=== WHAT THE TASK REQUIRES ===
Only the lines from the start of the entries through the line with "lora:mummy-cos" are wanted; please output them exactly.

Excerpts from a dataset
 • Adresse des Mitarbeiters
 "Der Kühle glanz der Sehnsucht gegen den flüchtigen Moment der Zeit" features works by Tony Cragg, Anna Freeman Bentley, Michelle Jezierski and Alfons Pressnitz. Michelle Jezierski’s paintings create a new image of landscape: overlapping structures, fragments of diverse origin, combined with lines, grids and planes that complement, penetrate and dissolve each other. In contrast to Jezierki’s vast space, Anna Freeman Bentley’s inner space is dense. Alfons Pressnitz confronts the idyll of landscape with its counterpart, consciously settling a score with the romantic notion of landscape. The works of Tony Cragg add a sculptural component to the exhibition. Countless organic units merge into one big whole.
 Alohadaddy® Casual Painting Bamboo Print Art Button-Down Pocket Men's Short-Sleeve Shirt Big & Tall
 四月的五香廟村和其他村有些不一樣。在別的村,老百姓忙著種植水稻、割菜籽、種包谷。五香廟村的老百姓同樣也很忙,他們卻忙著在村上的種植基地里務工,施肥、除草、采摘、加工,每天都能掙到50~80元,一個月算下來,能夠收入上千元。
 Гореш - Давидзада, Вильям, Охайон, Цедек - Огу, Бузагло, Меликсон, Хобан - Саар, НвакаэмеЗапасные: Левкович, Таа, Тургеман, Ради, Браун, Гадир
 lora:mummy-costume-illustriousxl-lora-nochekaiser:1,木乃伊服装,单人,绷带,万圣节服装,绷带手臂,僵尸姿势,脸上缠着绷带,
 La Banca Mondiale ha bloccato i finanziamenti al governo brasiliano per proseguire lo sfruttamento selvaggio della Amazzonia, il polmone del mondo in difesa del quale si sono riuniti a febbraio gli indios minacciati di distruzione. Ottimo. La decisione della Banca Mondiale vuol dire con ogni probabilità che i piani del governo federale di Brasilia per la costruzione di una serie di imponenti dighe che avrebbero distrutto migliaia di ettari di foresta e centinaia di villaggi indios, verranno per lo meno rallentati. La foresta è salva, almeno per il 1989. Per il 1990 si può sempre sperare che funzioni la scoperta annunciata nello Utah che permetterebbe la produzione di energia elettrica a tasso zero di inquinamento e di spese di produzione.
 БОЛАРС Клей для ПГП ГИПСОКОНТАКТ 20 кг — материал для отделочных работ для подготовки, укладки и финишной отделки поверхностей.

=== ANSWER SECTION ===
 • Adresse des Mitarbeiters
 "Der Kühle glanz der Sehnsucht gegen den flüchtigen Moment der Zeit" features works by Tony Cragg, Anna Freeman Bentley, Michelle Jezierski and Alfons Pressnitz. Michelle Jezierski’s paintings create a new image of landscape: overlapping structures, fragments of diverse origin, combined with lines, grids and planes that complement, penetrate and dissolve each other. In contrast to Jezierki’s vast space, Anna Freeman Bentley’s inner space is dense. Alfons Pressnitz confronts the idyll of landscape with its counterpart, consciously settling a score with the romantic notion of landscape. The works of Tony Cragg add a sculptural component to the exhibition. Countless organic units merge into one big whole.
 Alohadaddy® Casual Painting Bamboo Print Art Button-Down Pocket Men's Short-Sleeve Shirt Big & Tall
 四月的五香廟村和其他村有些不一樣。在別的村,老百姓忙著種植水稻、割菜籽、種包谷。五香廟村的老百姓同樣也很忙,他們卻忙著在村上的種植基地里務工,施肥、除草、采摘、加工,每天都能掙到50~80元,一個月算下來,能夠收入上千元。
 Гореш - Давидзада, Вильям, Охайон, Цедек - Огу, Бузагло, Меликсон, Хобан - Саар, НвакаэмеЗапасные: Левкович, Таа, Тургеман, Ради, Браун, Гадир
 lora:mummy-costume-illustriousxl-lora-nochekaiser:1,木乃伊服装,单人,绷带,万圣节服装,绷带手臂,僵尸姿势,脸上缠着绷带,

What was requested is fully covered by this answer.